**What you have to do:**
There is one span to output from the data below: the lines starting at the line with "Een flared dark" and ending at the line with "En el Fraccionamiento". Output it exactly, ends included, nothing more.

**Provided records:**
"""

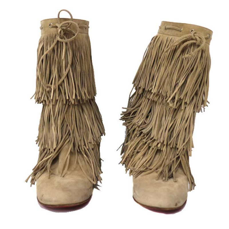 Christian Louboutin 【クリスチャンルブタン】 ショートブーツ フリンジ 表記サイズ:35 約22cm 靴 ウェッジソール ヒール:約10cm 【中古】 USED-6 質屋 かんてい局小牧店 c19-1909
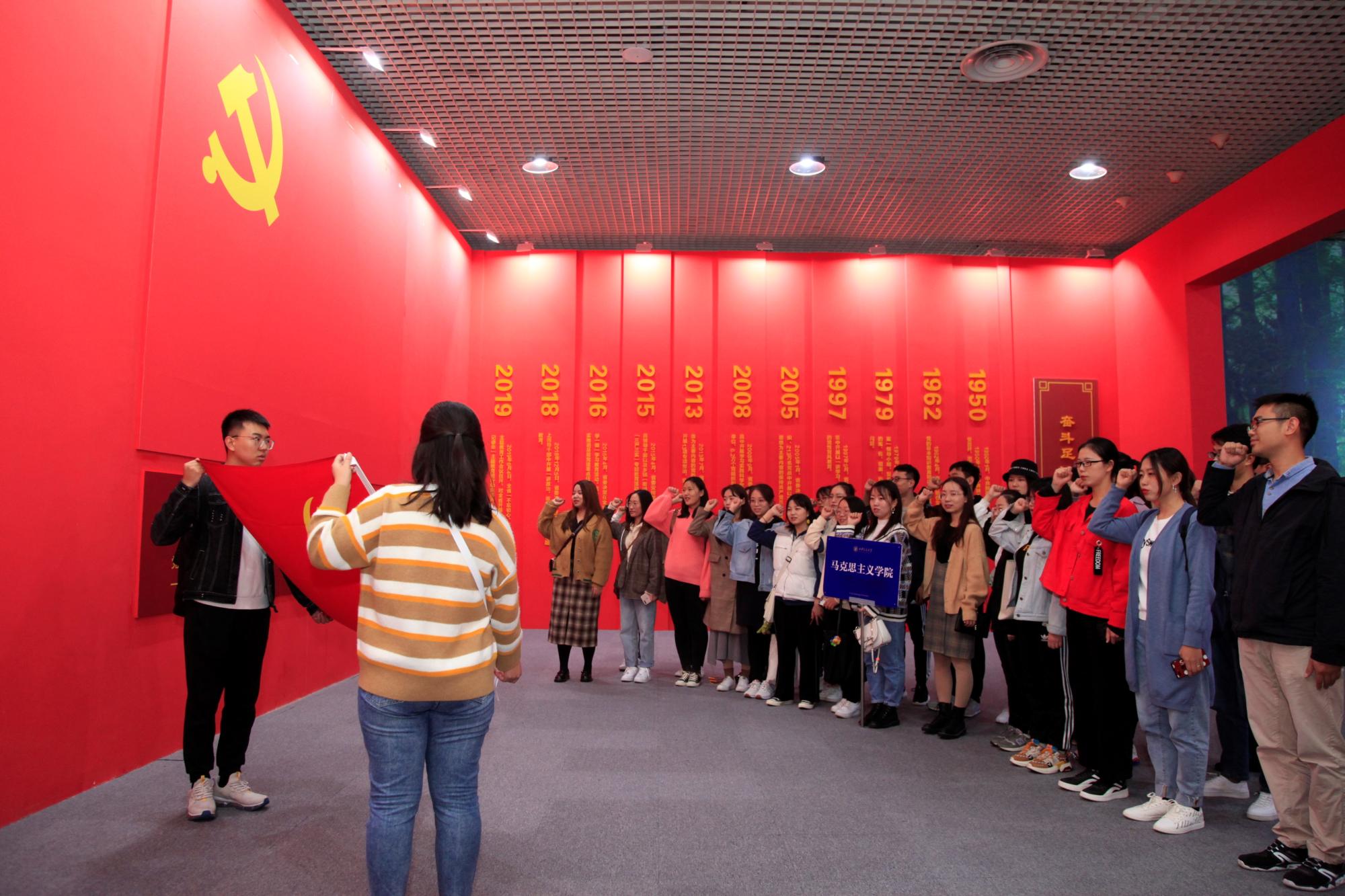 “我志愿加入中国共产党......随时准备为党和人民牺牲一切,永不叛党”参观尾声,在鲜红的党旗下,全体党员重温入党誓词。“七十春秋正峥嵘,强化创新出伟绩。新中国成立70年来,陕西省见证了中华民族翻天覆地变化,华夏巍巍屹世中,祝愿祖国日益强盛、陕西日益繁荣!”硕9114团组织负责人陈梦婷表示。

"""
"""

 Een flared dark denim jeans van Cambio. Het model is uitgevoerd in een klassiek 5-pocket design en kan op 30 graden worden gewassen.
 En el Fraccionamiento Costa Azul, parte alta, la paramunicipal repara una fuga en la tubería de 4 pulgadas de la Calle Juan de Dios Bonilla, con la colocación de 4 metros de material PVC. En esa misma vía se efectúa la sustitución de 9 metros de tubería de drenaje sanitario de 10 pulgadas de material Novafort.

"""

**Response to the exercise:**
 Een flared dark denim jeans van Cambio. Het model is uitgevoerd in een klassiek 5-pocket design en kan op 30 graden worden gewassen.
 En el Fraccionamiento Costa Azul, parte alta, la paramunicipal repara una fuga en la tubería de 4 pulgadas de la Calle Juan de Dios Bonilla, con la colocación de 4 metros de material PVC. En esa misma vía se efectúa la sustitución de 9 metros de tubería de drenaje sanitario de 10 pulgadas de material Novafort.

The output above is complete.